What the rest of the world sees as a sex tape scandal could in fact be the latest episode in the real-life drama over who will become Equatorial Guinea’s next president, the BBC reports.
Over the past fortnight, dozens of videos – estimates range from 150 to more than 400 – have been leaked of a senior civil servant having sex in his office and elsewhere with different women.
They have flooded social media, shocking and titillating people in the small central African country and beyond.
Many of the women filmed were wives and relatives of people close to the center of power.
It appears some were aware they were being filmed having sex with Baltasar Ebang Mr Engonga, who is also known as “Bello” because of his good looks.
All this is hard to verify as Equatorial Guinea is a highly restricted society where a free press does not exist. But one theory is that the leaks were a way to discredit the man at the center of the storm.
Engonga is a nephew of President Teodoro Obiang Nguema and one of those thought to be hoping to replace him. Obiang is the world’s longest-serving president, having been in power since 1979.
The 82-year-old has overseen an economic boom that has turned to bust as a result of the now-dwindling oil reserves.
There is a small, extremely wealthy elite, but many of the 1.7 million people in the country live in poverty. It has also had its fair share of scandals – including the revelations about the lavish lifestyle of one of the president’s sons, now vice-president, who once owned a $275,000 (£210,000) crystal-encrusted glove worn by Michael Jackson.
The videos center of the current scandal are believed to have originally appeared one-by-one a few days earlier on Telegram, on one of the platform’s channels known for publishing pornographic images.
They were then downloaded onto people’s phones and shared among WhatsApp groups in Equatorial Guinea, where they caused a storm.
Engonga was quickly identified along with some of the women in the videos, including relatives of the president and wives to ministers and senior military officials.

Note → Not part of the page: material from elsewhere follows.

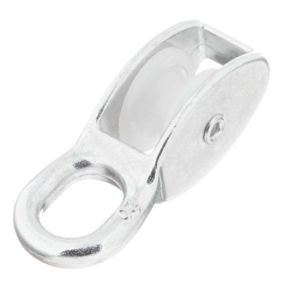 Предназначен для изменения направления движения груза, а также для его перемещения, используется совместно с тросом диаметром от 2 до 6 мм. Блок имеет один ролик.
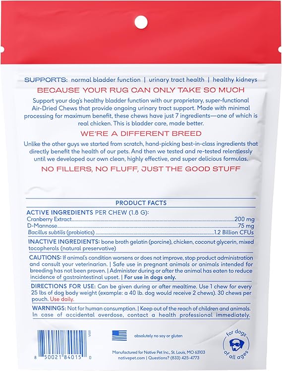 - CLEAN LABEL WITH LESS INACTIVE INGREDIENTS: Our cranberry supplements for dog bladder control use all-natural ingredients like D-Mannose, Cranberry Extract, Probiotics & real chicken, with no added fillers or artificial flavors—to support urinary health naturally.

The government was unable to ignore what was going on and on 30 October Vice-President Teodoro Obiang Mangue (once owner of the Michael Jackson glove) gave telecoms companies 24 hours to come up with ways to stop the spread of the clips.
“We cannot continue to watch families fall apart without taking any action,” he wrote on X.
“In the meantime, the origin of these publications is being investigated to find the author or authors and make them answer for their actions.”
As the computer equipment was in the hands of the security forces, suspicion has fallen on someone there, who, perhaps, sought to trash Engonga’s reputation ahead of a trial.
The police have called on women to come forward to open a case against Engonga for the non-consensual sharing of intimate images. One has already announced that she is suing him.
What is not clear is why Engonga made the recordings. But activists have put forward what could be other motives behind the explosive leak.
As well as being related to the president, Engonga is the son of Baltasar Engonga Edjo’o, the head of the regional economic and monetary union, Cemac, and very influential in the country.
“What we are seeing is the end of an era, the end of the current president, and there is a succession [question] and this is the internal fighting we are seeing,” said Equatoguinean activist Nsang Christia Esimi Cruz, now living in London.
Speaking to the BBC Focus on Africa podcast, he alleged that Vice-President Obiang was trying to politically eliminate “anyone who could challenge his succession”.
The vice-president, along with his mother, are suspected to be pushing aside anyone who threatens his path to the presidency, including Gabriel Obiang Lima (another son of President Obiang from a different wife), who was oil minister for 10 years and then moved to a secondary government role.